Koshin-to
According
to the teachings of Taoism, in the human body, there are three spirits;
Kon, Haku and Sanshi. The worms called Sanshi make trouble
for human beings.
On the
Kanoesaru day which comes once in 60 days according to the old
calendar, Sanshi can get out from their owners’ bodies. They
also have a role to rise up to the sky and report the God how their
owners act usually. In some cases, your life will be made
shortened according to the reports. They return to their
owners’ bodies by the next morning when their owners wake up.
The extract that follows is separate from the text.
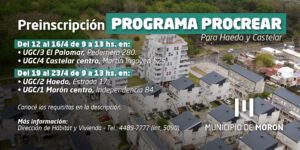 Del 12 al 23 de abril estará abierta la preinscripción al programa Procrear para la asignación de 24 viviendas nuevas en los Desarrollos Urbanísticos de Castelar Sur (UGC 14) y Haedo (UGC 2).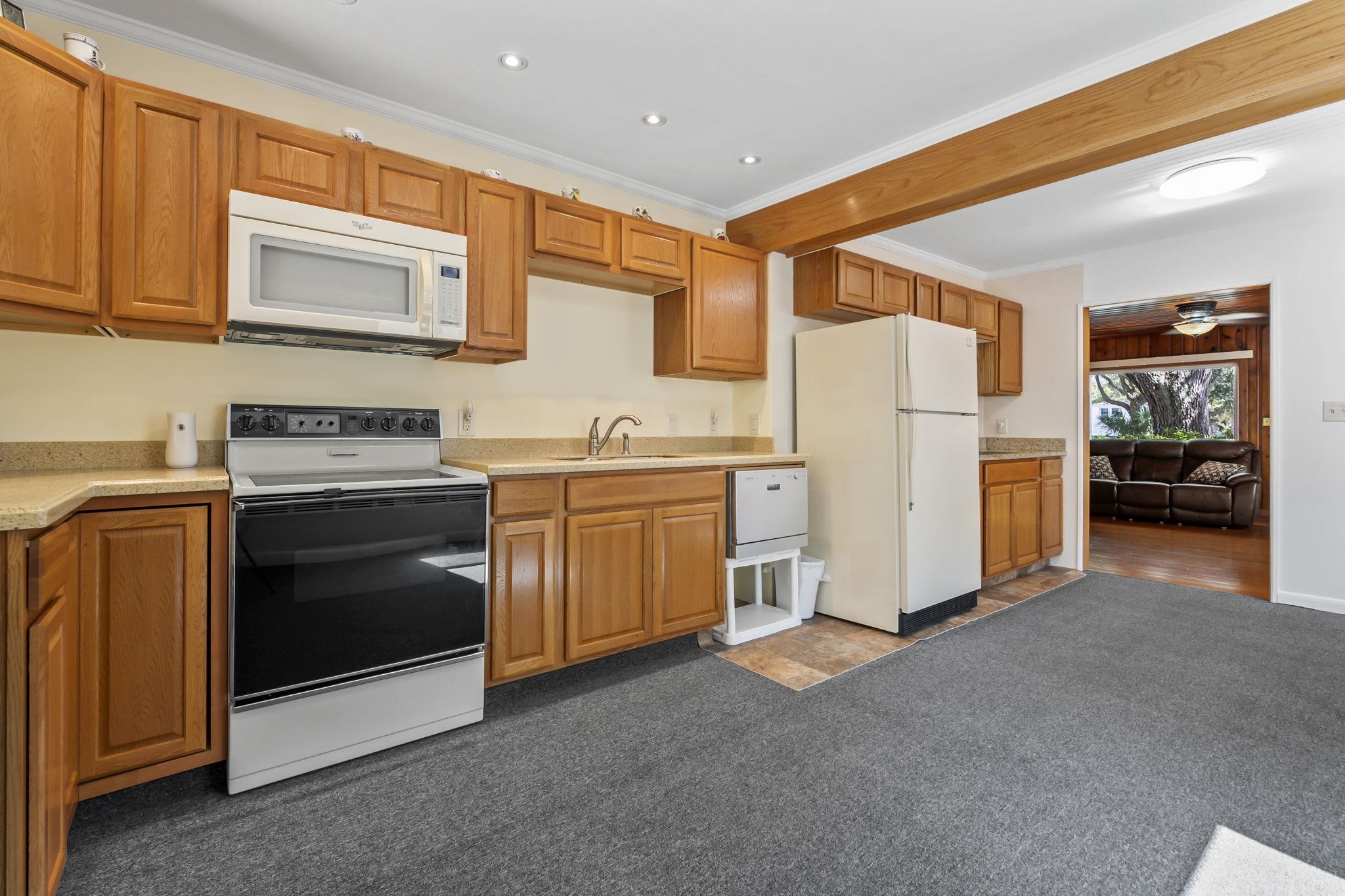 As you step onto the property, a beautiful live oak tree greets you at the entrance, setting the tone for this one-of-a-kind Myrtle Beach triplex. Starting with the main home, you'll find yourself in a cozy beach cottage filled with character. The living room is warm and inviting, featuring rich wood paneling, authentic hardwood floors, and a brick wood-burning fireplace that creates a natural gathering space. Moving forward, the kitchen and dining area flow together easily, offering plenty of space for meals and everyday living. This home also includes two bedrooms - both well-sized - with the primary bedroom featuring a walk-in closet, and two bathrooms that serve the home. Just off the back, there's a covered patio perfect for relaxing in the shade. Downstairs, you'll find a separate laundry and utility space, giving you convenience and additional storage. Heading to the rear of the property, the duplex offers two additional living spaces. On the main level, you enter into a functional layout with a comfortable living and dining area that connects to a kitchenette. This unit includes a bedroom and two bathrooms, making it ideal for guests or rental income. There's also laundry access and a private entryway, along with extra storage for added convenience. Upstairs, the one-bedroom unit offers its own charm. As you walk in, you'll notice the open family room with plenty of natural light and a kitchen that makes the space fully self-sufficient. A bedroom and bathroom complete this unit, along with a covered front stoop that overlooks the property, offering a quiet retreat to enjoy the outdoors. Between the main home and the duplex, the courtyard ties everything together. This large outdoor space is perfect for entertaining, with a grilling station, patio area, and shade from mature trees. This property offers plenty of options for parking in the front and back, and allows short term rentals! The design of the property makes it easy to imagine hosting gatherings, renting units, or simply enjoying the flexibility of multiple living spaces- all within steps of the public beach access at 30th Avenue North. Measurements are not guaranteed. Buyer is responsible for verifying.

Then, if you sit up all night
with a group from the day
before the Kanosaeru day, Sanshi can’t leave out from your
body. People kept doing this meeting for three years,
eighteen times. To celebrate it, they built Koshin-to
(formally it is Koshin-machi kuyo-to;stone monument erected for the
repose of someone’s soul).
In Japan, it was already popular
in around the 10th
century. We can find descriptions about it in
“Makuranososhi”, “Ohkagami” and so on. People added Buddhism
and the common people’s faith while this teaching spread out all over
the nation. In the Edo-era, it prevailed so actively among
villages and so on.
In Hagyu district, there are some
koshin-to monuments, and some
of the groups of staying up all night on the Kanosaeru days are still
working, especially in Nakanome district, they have five of them.